Edit - The latest commit accomplishes the same thing. But, for some reason I didn't have to create a mounting swap.

dusty-nv commented 7 years ago

I did verify in the build log, that cutorch was Building on 1 cores and the CMake script change had taken effect. However, when compiling the TensorMathPointwise files I think it was, OOM killer stepped in until I mounted swap.

Since all of the files are self-contained within the build/ directory, torch/ect. doesn't need compiled from source for each Jetson and could be copied around for JetPack 2.3.

Also note that the torch repo is rolled back to a prior commit right now in the CMake script due to the issues mentioned from this post above.

DanMcLaughlin commented 7 years ago

Thanks guys. Tried it last night and still get kills. I had logged out of the desktop to save memory but apparently I still need swap space.

Dusty any issues with setting up swap? I'm not seeing a lot in a search other than I'd need to recompile the kernel, or has that changed now?

dusty-nv commented 7 years ago

You don't need to recompile L4T kernel, I followed these normal instructions: http://askubuntu.com/a/33703

To tell if it's successful, you should see swap memory appear in /proc/meminfo

DanMcLaughlin commented 7 years ago

OK, I got a 32GB SDCard swap and SSD for building. The box thrashes so badly it's frozen up, but I was able to get a top page which shows some tens or hundreds of cudafe, cc1plusandcudafe++ running. This appears to be during compilatino of cutorch(e.g. THCTensorMathPointwise.cu). Will see if it manages to get through.

OK it got through the cmake! Now on doing a make it fails here ... ``` c/deepQLearner.cpp: In member function 'bool deepQLearner::initLua() c/deepQLearner.cpp:342:51: error: invalid use of incompete type 'struct THCState' printf("]deepRL] cuTorch numDevices: %i\n", THC->numDevices); note forward declartion of 'struct THCState' ``` you guys didn't get this error?
dusty-nv commented 7 years ago

It's because cutorch was updated since my last comment - see cutorch commit 44c5193.

In master, I commented out that line now 32cb67c. There is also a pre-built archive released here for JetPack 2.3: L4T-R24.2-RC1

DanMcLaughlin commented 7 years ago

It works! Thanks Dusty, neat little program

AerialRobotics commented 7 years ago

I could never get this working for JetPack 2.3. The 'cmake' works, but doing 'make' ends up producing the fatal error: "THC/THC.h: No such file or directory. I even tried downloading the pre-built archive 'L4T-R24.2-RC1'. Executing ./deepRL-console hello.lua throws "libluajit.so: cannot open shared object file: No such file or directory. Should I just go back to JetPack 2.2?

dusty-nv commented 7 years ago

OK, I've updated master to build again with latest Torch changes. If you try cloning the repo again, it should work. If you still get the THC/THC.h error, please confirm that build/torch/include/THC/THC.h file is present, otherwise the cmake config script may not have completed correctly.

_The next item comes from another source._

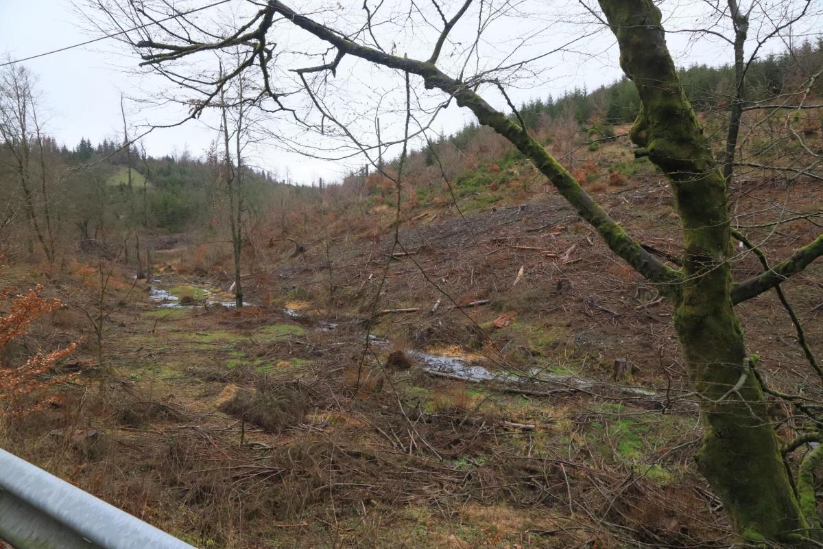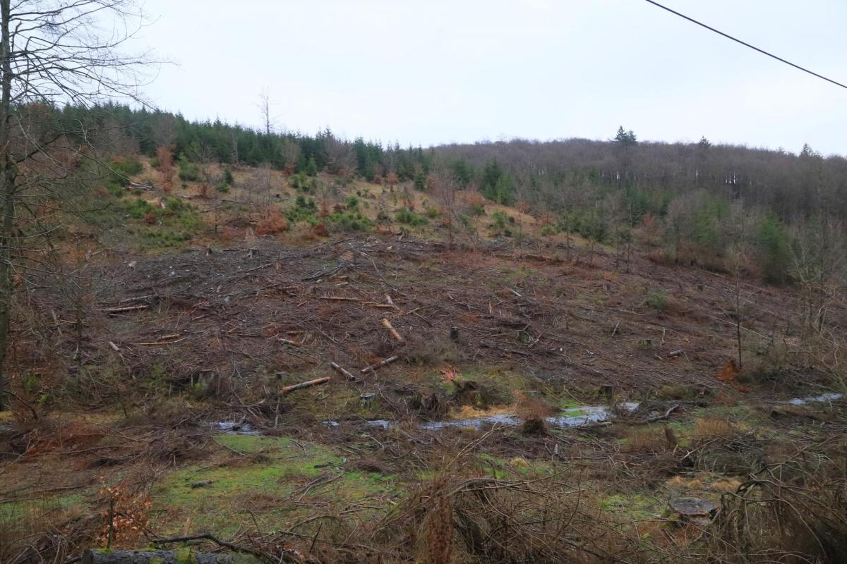 Auf einer Hangfläche von ca. 1,75 ha erfolgte eine ältere und eine neuere Baumfällung.

Regarding the pre-built archive, does it work if you extract the contents as /home/ubuntu/workspace/jetson-inference ?

AerialRobotics commented 7 years ago

The pre-built archive worked once it was executed within the directory you specified above. I was doing it out of /home/ubuntu/jetson-inference. Running the demo I noticed after 400 epochs the wins dramatically decreased from .90 to .50. By 1200 it was back to .90. But then dropped sharply again. Once the algorithm learns, why can't it maintain a high percentage of wins?

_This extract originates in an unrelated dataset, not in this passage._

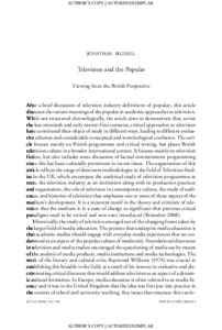Bignell, J. ORCID: https://orcid.org/0000-0003-4874-1601 (2010) Television and the popular: viewing from the British perspective. Journal of Literary Theory, 4 (2). pp. 181-198. ISSN 1862-5290 doi: 10.1515/JLT.2010.012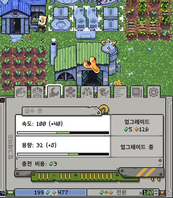▲ 로봇 강화 기능은 각 로봇별로 적용되며, 강화 시마다 비용이 크게 늘어나 농장을 꾸밀 때 부수기엔 아깝고 두기엔 곤란한 상황이 곧잘 있었다 (사진: 게임메카 촬영)

DanMcLaughlin commented 7 years ago

@AerialRobotics yeah I noticed this too, have been meaning to dig into the reason. First guess is overfitting and I was going to try saving the model when it reaches 90%+, then switch to inference.

AerialRobotics commented 7 years ago

The build did not go so well. Could not get cmake to even complete. Started receiving many 'Killed' messages. Please see screenshot.
output

gwljf commented 7 years ago

@AerialRobotics I think the reason cause your problem is the memory size. As the talk above, you can add swap. For me, 12GB swap is OK.